Dengan antusias, ia menunjukkan segala hal menarik di dalamnya, dari Al Quran berusia ratusan tahun yang ditulis tangan oleh seorang warga Penyengat, hingga lampu hias dari Kerajaan Prussia, bagian dari sejarah Jerman.
Yang menarik perhatian saya adalah lemari Khutub Khanah Marhum Ahmadi setinggi dua meter lebih, berisi naskah-naskah Melayu dan berbagai publikasi kuno tentang beragam topik. Sayangnya, isi lemari ini tidak dapat diakses oleh publik secara langsung, karena sudah cukup rapuh.
Kelompok Sadar Wisata (Pokdarwis) Pulau Penyengat memiliki beberapa paket untuk memandu perjalanan saya di pulau yang juga terkenal dengan wisata religi bagi umat muslim di Kepulauan Riau, terutama dengan keberadaan makam besar tokoh-tokoh Pulau Penyengat, seperti Raja Haji Fisabilillah, Raja Yang Dipertuan Muda Kerajaan Riau-Lingga-Johor-Pahang IV, yang namanya diabadikan menjadi bandar udara internasional Tanjung Pinang.
Saya akhirnya memilih melakukan tur sejarah dan literatur sembari bersepeda alih-alih berjalan kaki, atau menumpangi becak motor. Raja Farul, anggota Pokdarwis Pulau Penyengat, mengantar saya ke Gedung Mesiu, Benteng Bukit Kursi, hingga Makam Engku Putri Raja Hamidah. Dinding yang mengitari makam anak Raja Haji Fisabilillah ini pun diukir dengan syair gurindam karya Raja Ali Haji.
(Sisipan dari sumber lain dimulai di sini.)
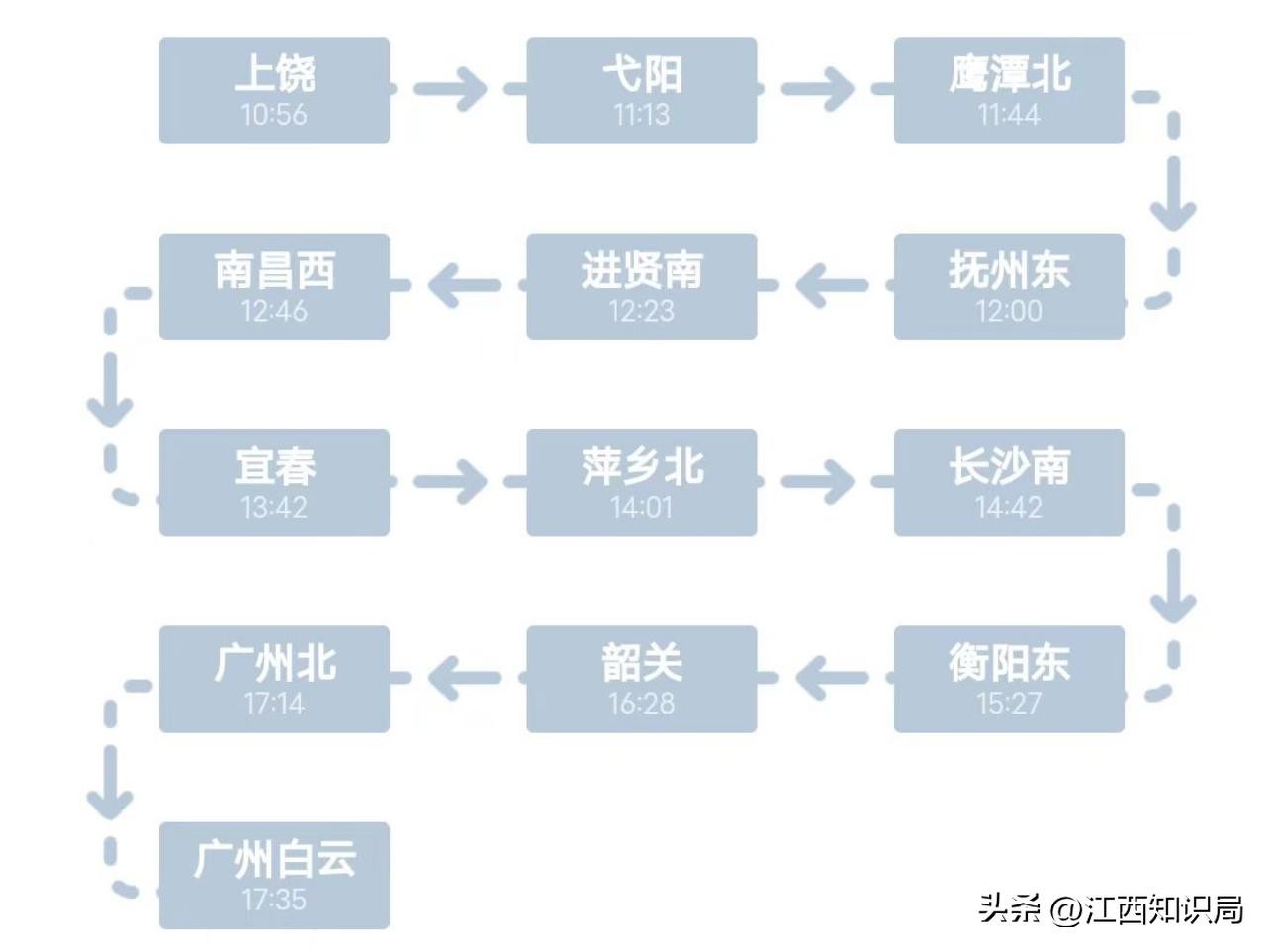 其中,列车在弋阳站停靠16分钟,抚州东站停靠10分钟,南昌西站停靠13分钟,进行待避。截止目前,上饶站至广州白云站每天只有1趟高铁,3趟普速列车。

Sosok Engku Putri Raja Hamidah ini menarik perhatian. Sebagai perempuan yang menjadi istri dari Sultan Mahmud Syah III pada tahun 1803, ia bukanlah seorang trophy wife. Ia justru diberi kepercayaan untuk menjaga benda kerajaan, alat kebesaran Kerajaan Riau, Lingga, Johor, Pahang.
Dengan benda ini maka hanya Engku Putri yang bisa memilih, mengangkat dan melegitimasi sultan yang baru. Ketika benda kerajaan ini diperebutkan oleh VOC, Engku Putri pun tidak gentar mempertahankannya.
Pulau Penyengat sebenarnya menyimpan banyak kisah perempuan penulis atau cendekiawan. Salah satunya Khatijah Terung, yang menulis karya bertema cukup kontroversial pada masanya: sesuatu yang bernuansa seksual.
Sayangnya karya dengan aksara Arab gundul tersebut belum diterjemahkan dalam bahasa Indonesia. Khatijah adalah anggota Roesidijah/Rusydiah Club, organisasi para cendekia yang berdiri pada 1884 hingga 1905. Klub yang anggotanya gemar menulis dan menerbitkan tulisannya ini sampai memiliki unit percetakan sendiri.
Saya mengelus dada saat tahu bahwa pening galan sejarah mengenai klub ini nyaris tidak bersisa. Rumah yang menaungi klub ini dibumihanguskan agar tak dikuasai penjajah, yaitu Belanda yang ketar-ketir dengan keberadaan organisasi ini. Kita hanya menyaksikan sisa papan penunjuk bekas lokasi tapaknya.
Karya-karya yang diselamatkan tersimpan di Balai Maklumat yang dikelola Yayasan Kebudayaan Indera Sakti Pulau Penyengat. “Beberapa naskah sudah didigitalisasi dan bisa diakses melalui Arsip Nasional,” ujar Raja Malik Hafrizal, perawat naskah kumpulan sejarah Melayu dan Pulau Penyengat.